The woman wrote down Ahmed’s name, along with any other families who collaborated or worked with the U.S. Army.

“I was scared because of Saddam,” Hana said.

A couple weeks later, Ahmed was notified that he and his family could come to the U.S.

They could only bring one suitcase, so Hana packed for the children. They headed for the airport.

“I think there was 500 people on the plane,” Hana said. “I wish I had a camera. When I got out of the plane and walked down the stairs, I turned around and looked at the plane. It was huge.”

They landed in Guam, where they lived for two months.

“I didn’t like Guam,” Hana said. “You couldn’t breathe. It was too hot, and we didn’t like the food. I got sick. I was seven months pregnant.”

Authorities told the family to throw away the clothes they packed and then gave them new clothes. The family had health checks and weekly lessons about America.

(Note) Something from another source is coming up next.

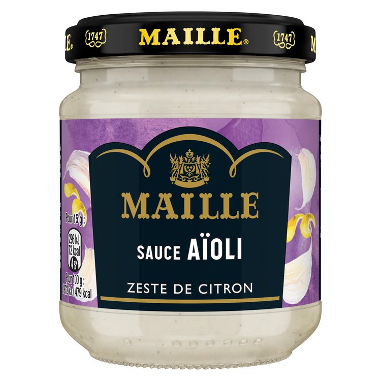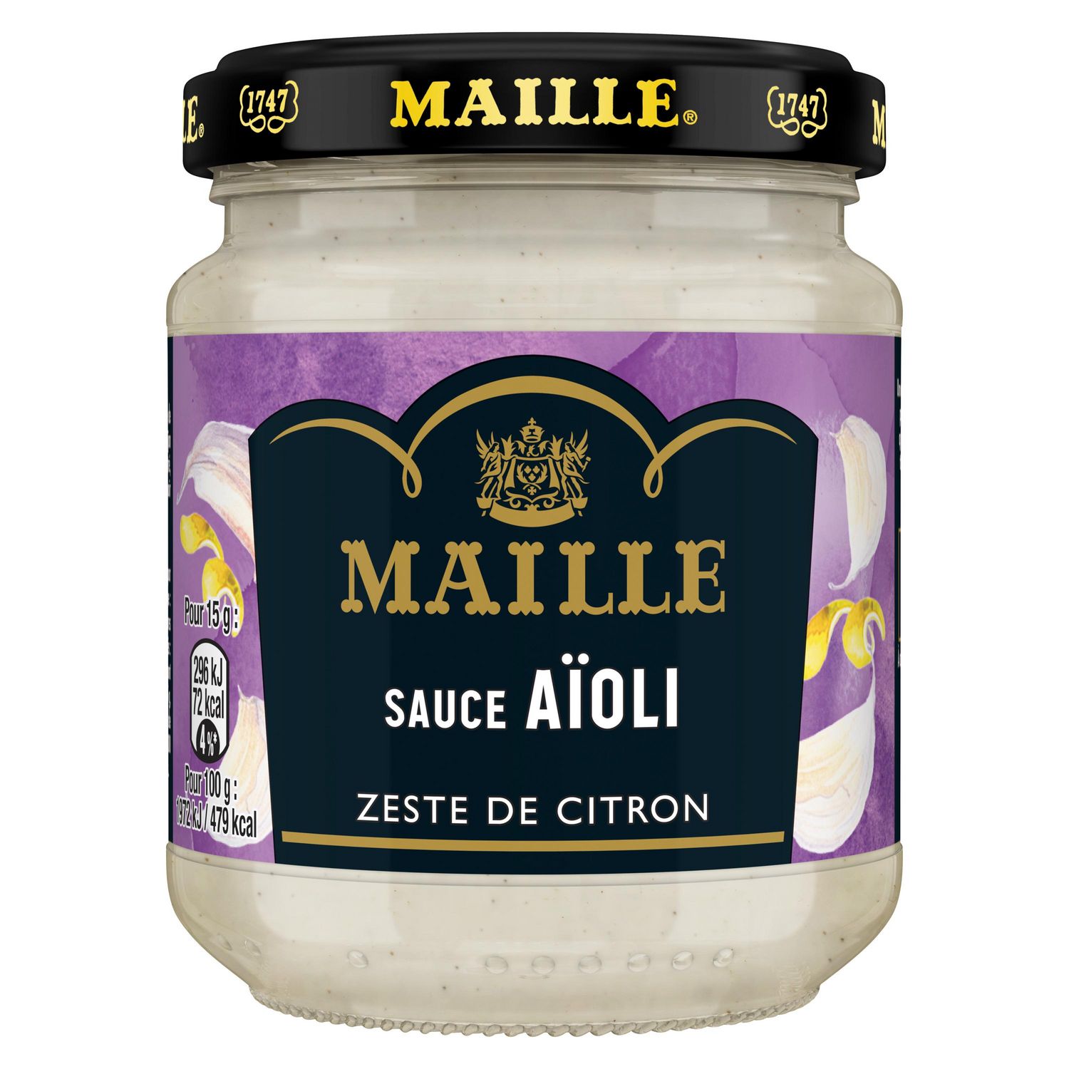 Une sauce Aïoli 185 g Maille® onctueuse relevée par le peps du zeste de citron, qui accompagnera parfaitement tant vos fruits de mer que vos légumes crus ou cuits. Une sauce Maille® raffinée et préparée avec des ingrédients de qualité : sans colorants ni arômes. Dans la même gamme, découvrez aussi notre Sauce Tartare, notre Sauce Bourguignonne et notre Sauce Béarnaise Maille. Mille et une façons d'exprimer votre créativité avec cette délicieuse gamme de 4 sauces d'accompagnement Maille®, parfaites pour agrémenter vos apéritifs et vos repas d'une note gourmande et délicate. Entre tradition et touche de modernité, découvrez des associations de saveurs uniques pour accompagner et relever vos viandes, poissons, burgers, légumes et bien plus encore... Depuis plus de 275 ans de tradition créative et de savoir-faire, Maille® est la touche qui réveille et révèle la beauté d'un plat. Une touche de créativité qui exacerbe le goût, accroît le plaisir et comble les gourmets les plus exigeants… Héritiers d'une créativité cultivée depuis près de 3 siècles, les chefs de la Maison Maille conçoivent chaque recette comme une œuvre d'art culinaire. Leur obsession : explorer, sélectionner, et associer les meilleurs ingrédients pour apporter son supplément d'âme à chaque recette. Les produits Maille® invitent à un voyage dans le monde des saveurs. Avec comme passagers de choix : la passion du détail, l'art de la nuance et le raffinement.

“They taught us to close and lock our doors all the time,” Hana said, “In (Iraq) we left our doors open, even at night. They said don’t take anything from outside, even if it’s a new pen. They said if someone talks to you and you don’t know them, don’t talk to that person.”

At the camp in Guam, authorities held a weekly drawing to allow 10 families to relocate to the U.S.

A new place to call home

When my family was chosen, they were told they would be going to Colorado. Colorado was their future.

In Denver, they found an apartment waiting for them.

“The government had everything ready,” Hana said. “I didn’t like the neighborhood. It was too old. It had a lot of bugs. They gave us old blankets and old beds. The dishes were old. Everything was old and nasty.”

Hana was now nine months pregnant. She had no car. She didn’t speak English. Her future depended on strangers who helped her and the family.

She was introduced to Jean Firmin, a volunteer at a refugee resettlement agency in Denver.

Firmin would drive Hana to doctor appointments and help with paperwork. She gave Hana the phone number for a taxi and money in case Hana went into delivery or for any emergency situation.

“(The phone number) was all sevens, ” Hana said. It was easy to remember.

On Dec. 12, 1996, Hana went into labor and called that taxi number.

The next number Hana and Ahmed called was Firmin’s. Firmin drove to the hospital at 3 a.m. to meet them.

They named the baby, Hilan, which means “to leave.”

A couple days later, they went back to their new apartment in their new country with their new child. She and Ahmed were looking to the future.